Think of Positano, and colorful houses snuggled into almost vertical walls of rock spring to mind. But the Southern Italian city on the fringes of the Sorrentine peninsula is also famous for hand-made sandals, 17th-century museums and marble-embellished cathedrals, plus blow-your-socks-off scooter rides along the Amalfi Coast. Given its natural beauty and dramatic topography, it’s little wonder that this coastline in the Gulf of Salerno is a UNESCO World Heritage Site.

Likewise, it’s no surprise that it’s a tourist draw, though most people don’t know how to travel to the shores of the Tyrrhenian Sea. To save you the research, here’s everything about how to get from Rome to Positano.

How far is Rome from Positano, and what options do I have?

It’ll take you some three hours and 20 minutes to drive the 270 kilometers from Rome to Positano with your car, provided the streets aren’t wedged solid. By minivan, it’s a three-hour-fifty-minute journey. Is there a train from Rome to Positano? I hear you. Yes indeed, there is, but no direct one. The train will take you to Positano in fewer than three hours. You can also ride a bus for four-and-a-half hours, the cheapest option, or combine a bus and train journey to get the best of two worlds. However, that’s the slowest mode of transport at six hours. 

Alternatively, you can ride the train to Salerno and then hop on a ferry to arrive in Positano by sea. The switch in Salerno is necessary because there aren’t any direct boat trips from Rome to Positano.

Since there is no airport on the Amalfi Coast, you’ll have to fly to Naples if sitting on a plane is your preferred type of transport. Positano, with the island of Capri nearby, lies 60 kilometers south of Naples.

Traveling to Positano by land

Train and bus

The Campania Express Train from Rome to Positano is the fastest train to the Amalfi Coast. It whisks you from Rome to Naples in just 40 minutes. It’s more expensive than the commuter train, but you’ll spare yourself tedious stops at every mediocre station. The Campania Express Train that operates from mid-March to October has air-conditioned coaches and comes with plenty of space to store your luggage. Also, ticket reservations are possible. Still, you won’t find a direct train to Positano because the city on the Amalfi Coast doesn’t have a train station. 

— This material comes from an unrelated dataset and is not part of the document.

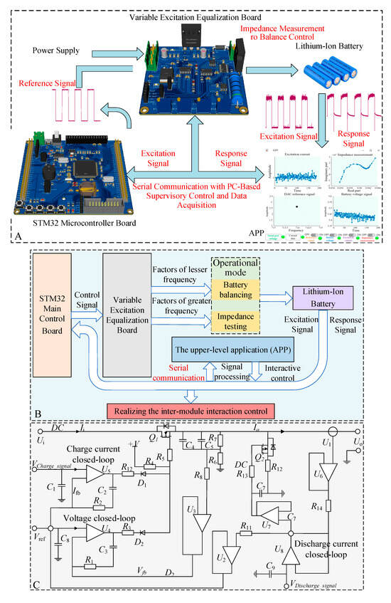 The structure of this testing system comprises four main components: LIBs, the variable excitation balancing board, the STM32 main control board, and the upper-level PC application (APP). The operational process is as follows: First, the STM32 main control board sends instructions to the variable excitation balancing board via control signals, specifying parameters such as the type, amplitude, and frequency of the excitation signal. Simultaneously, the variable excitation balancing board sets the voltage limit based on the type of object being tested (typically around 4.5 V for LIBs). Furthermore, the STM32 main control board uploads data to the upper-level PC application through a serial connection, where data processing and real-time monitoring and display of the testing system occur. In the following sections, we will provide a detailed overview of the system’s various modules and impedance testing experiments.

If you’re traveling on a shoestring, you can use Trenitalia. You can also use the Frecciarossa or Italo high-speed train to get from Rome to Naples. It’ll take them one hour and ten minutes to cover this distance, and they run several times per hour. Jump on the train at Roma Termini Railway Station and head to Naples Stazione Centrale. 

Arriving in Naples, you can change to the regional Circumvesuviana train to Sorrento, which will take you an hour and ten minutes. You don’t need to reserve a seat for the regional train, but the trouble is there’s no AC and barely space for bulky suitcases. Opt for the DD Express train that’ll save you twenty minutes if you’re pressed for time.

Once you’re in Sorrento, look for the Sita bus stop outside the station. The Sita is a local bus, which means you can’t reserve a seat for the 40-minute ride to Positano. If you manage to snag a seat on the right side, you’ll be in the box seat when you approach Positano, gazing down to the blue Tyrrhenian Sea.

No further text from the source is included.